Freddy is trying to help break his family out of their obscure rut by building an award winning float for the Pookesville Founder's Day Parade. If he can do it, perhaps their floundering family restaurant - that offers healthy food compared to the burger stand across the street owned by the Spanker family - might take off. A large task considering the Spankers ALWAYS win the float contest. But if Freddy has anything to say about it, they won't win this year! With the aid of Howie Kapowie, his one and only friend in town who seems solely to care about eating cheese cubes, they have very little chance. And with Adam Spanker (the town hooligan) always on their heels, things look even bleaker.

Can Freddy do it?

Not on his own. And he knows it. So he rigs up a contraption of nanotechnology mixed with super-secret potatoes, and an interesting accident occurs. When lightning strikes the potatoes, they turn into living, breathing, talking ...uh ...spuds. Fries alive! And now with Theodore, Wally, Curly, Si, and Meese, the town of Pookesville is in for an amazing surprise ...and so is the rival Spanker family. Can a misfit family use its brains to beat the brawn of the town?

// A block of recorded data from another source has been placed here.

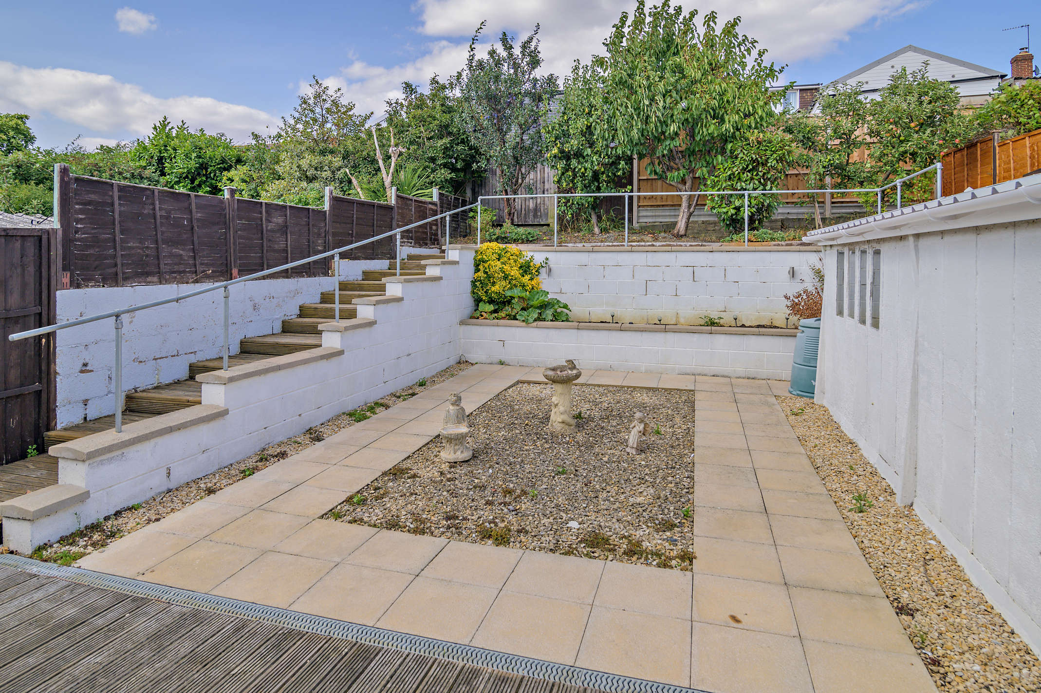 The property is approached over an enclosed front garden with an ornamental shingle bed which adjoins a long driveway, leading through double gates to the garage. To the side of the property is the main entrance. The enclosed rear garden is spacious with a ground level seating area with decking and ornamental shingle. Up steps, there is a second seating area above the garden which is bordered by planting and fruit trees. The garage opens to the driveway and garden from the front. The property also has solar panels to the front side of the roof.
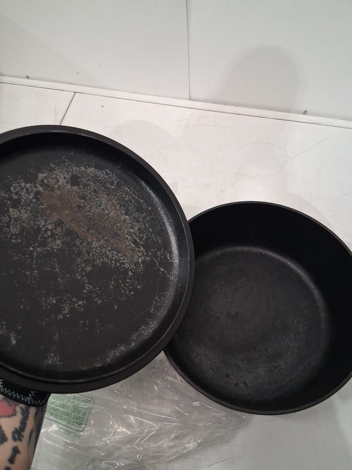 pot has visible scuffing and residue from previous use
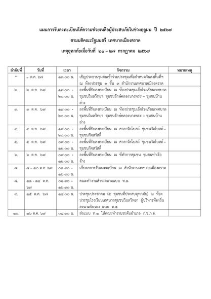 ชื่อเรื่อง : แจ้งประชาสัมพันธ์ เทศบาลเมืองตราด ตามมติคณะรัฐมนตรี เมื่อวันที่ ๑๗ กันยายน ๒๕๖๗ ให้ผู้ประสบภัยในพื้นที่เทศบาลเมืองตราดยื่นแบบคำขอรับความช่วยเหลือผ่านช่องทางดังต่อไปนี้

******************************************************************************

David Baldacci is normally known for his crime novels (Absolute Power, Hour Game, and the less enjoyable Split Second), but here he's dunked his hand into the children's literature cookie jar, perhaps hoping to come up with some tasty new treat for readers.

But no ...

Like so many other children's books and films, 'Freddy and the French Fries' treads over old themes and tries to put on a new face. Ever seen the film 'Honey, I Shrunk the Kids'? If you have, you will undoubtedly see parallels to it in this book (i.e., a genius father, a smart family that's stunted because of their intellect, absurd obstacles that need to be overcome by using technology, and, in the end, triumph).

That being said, this book will probably appeal to the preteen because of its fast pace, outrageous names (Howie Kapowie, Patty Cakes, Nanny Boo-Boo, etc.), and its action scenes.

There's also some learning that takes place that will obviously make parents happy. Such as knowing the proper term for siamese twins (conjoined); the advantages - and disadvantages - of eating soy products rather than hamburgers; how to beat a bully using your brains and not your fists; and a very basic understanding of how nanotechnology might benefit us.

All in all I think this book's chapters might be enjoyed by kids at bedtime, but don't expect much originality.